Алексей Широков уже лет пятнадцать был обитателем Негритянского квартала, но до сих пор не ощущал себя здесь своим. Всё старался побыстрее прошмыгнуть и поменьше вступать в разговоры с соседями. Сейчас он, правда, приостановился, уже отойдя от подъезда, и помня свою злосчастную рассеянность, столько раз приводившую его к печальным последствиям, стал проверять содержимое карманов. Извлёк связку ключей, паспорт – «вот она, демократия, без документа, удостоверяющего, что…и шагу не сделаешь», пустой бумажник, наполовину скуренную пачку сигарет с зажигалкой. Добрался до маленького, дамского кошелька в кармане пиджака и привычно пересчитал мелочь. Двадцать восемь рублей восемьдесят копеек. Если цифры мысленно сложить, получится восемнадцать. Самое его число. По поводу таких своих манипуляций Широков говорил: «Я совершеннейший  атеист, но имею одно суеверие – арифметическое». Суеверие заключалось в том, что перед каждой отправкой по делам из дома он пересчитывал свои копейки и радовался, если сумма составляющих их цифр равнялась девятке, делилась на девятку или на девятку заканчивалась. Поскольку девятка была его счастливое число-талисман: он на свет появился девятого числа девятого месяца. В данном случае получилось восемнадцать – на девять делится. Ободрённый таким благоволением к его планам, Широков перетряхнул газеты во взятом с собой большом полиэтиленовом пакете и зашагал по протоптанной множеством ног тропке, пересекавшей квартал по диагонали. Напоследок оглянулся на свой дом номер 36 (опять девятка!) по улице Малой. Вообще, дома квартала относились к двум улицам, Малой и Гражданской, по поводу чего остряки ехидничали – мало, мол, гражданского в этом месте и этих людях. Оглядев свой дом, Широков никого и ничего не увидел, кроме мрачно нависавшего с балкона четвёртого этажа Юрки Хурмандуба. 
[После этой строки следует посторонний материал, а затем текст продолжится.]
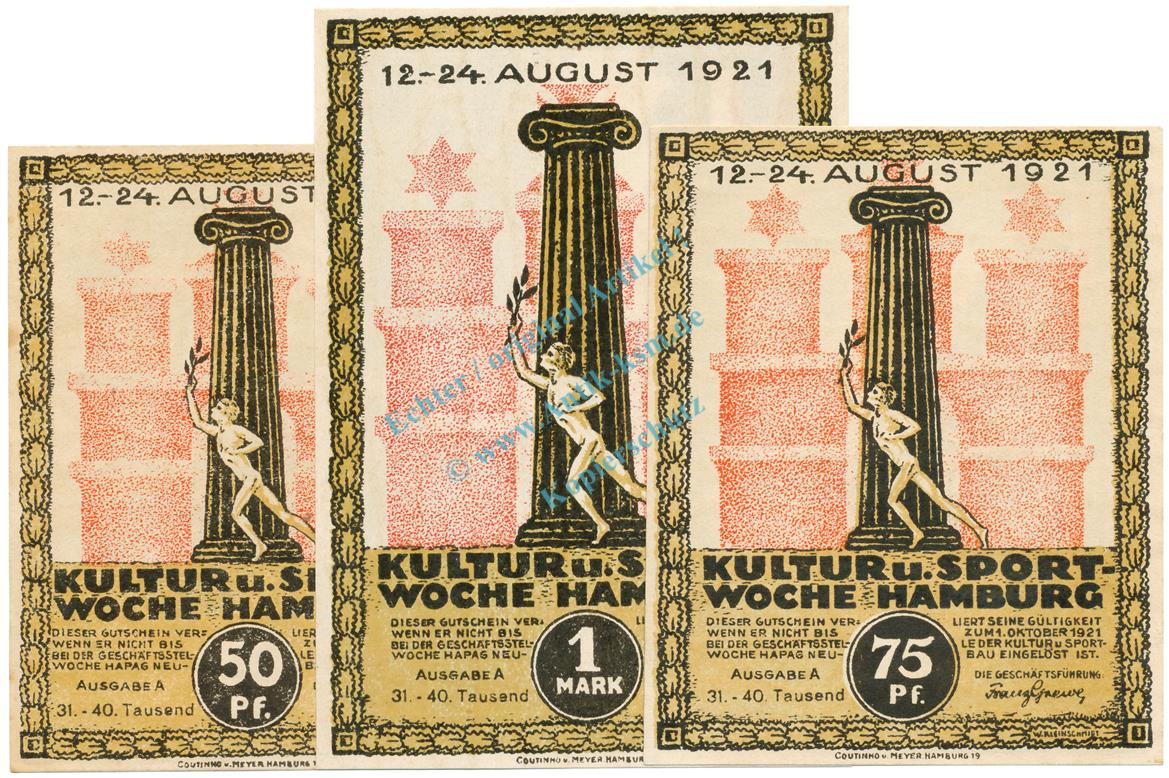 Seriennotgeld : Kutur und Sportwoche Hamburg , Ausgabe A , 31 bis 40 Tausend

Юрка Ганьшин, по прозвищу Хурмандуб, был сыном Аллы Дроздовой от первого брака. Дроздовы жили над квартирой Широкова, и к тому на балкон частенько летели окурки, которые бросал вниз Юрка, но высказывать какие-либо претензии по этому поводу было бесполезно. С Юркой предпочитали не связываться. В те редкие дни, когда он не напивался, Юрка либо дрых до одурения, либо стоял часами на балконе и сосал одну за другой сигареты. «Трезвый не подойдёт, нет», - говорили про него мужики. Подходил Хурмандуб действительно исключительно набравшись, да ещё хорошо набравшись. Тогда смеялся грубым басом, подначивал, подбивал выпить ещё. Стоял покачиваясь, высокий и массивный квадрат со всклокоченной головой. А те, к кому он лез, отводили глаза и старались говорить с Юркой поаккуратнее, зная, какими подвигами он занимается. Ганьшин был «хлыстом» и почти каждый день отправлялся с компанией таких же мелких рэкитеров на рынок, да к ларькам и  магазинчикам собирать дань деньгами или, на худой конец, продуктами. На кого компания Хурмандуба работала, не разглашалось, но ясно было, что не только собственная наглость и нахрапистость ими двигала. А в дни отдохновения Юрка вот так, тяжело дыша рано заплывшей жиром грудью и сощурив глаза, мрачно оглядывал с балкона двор.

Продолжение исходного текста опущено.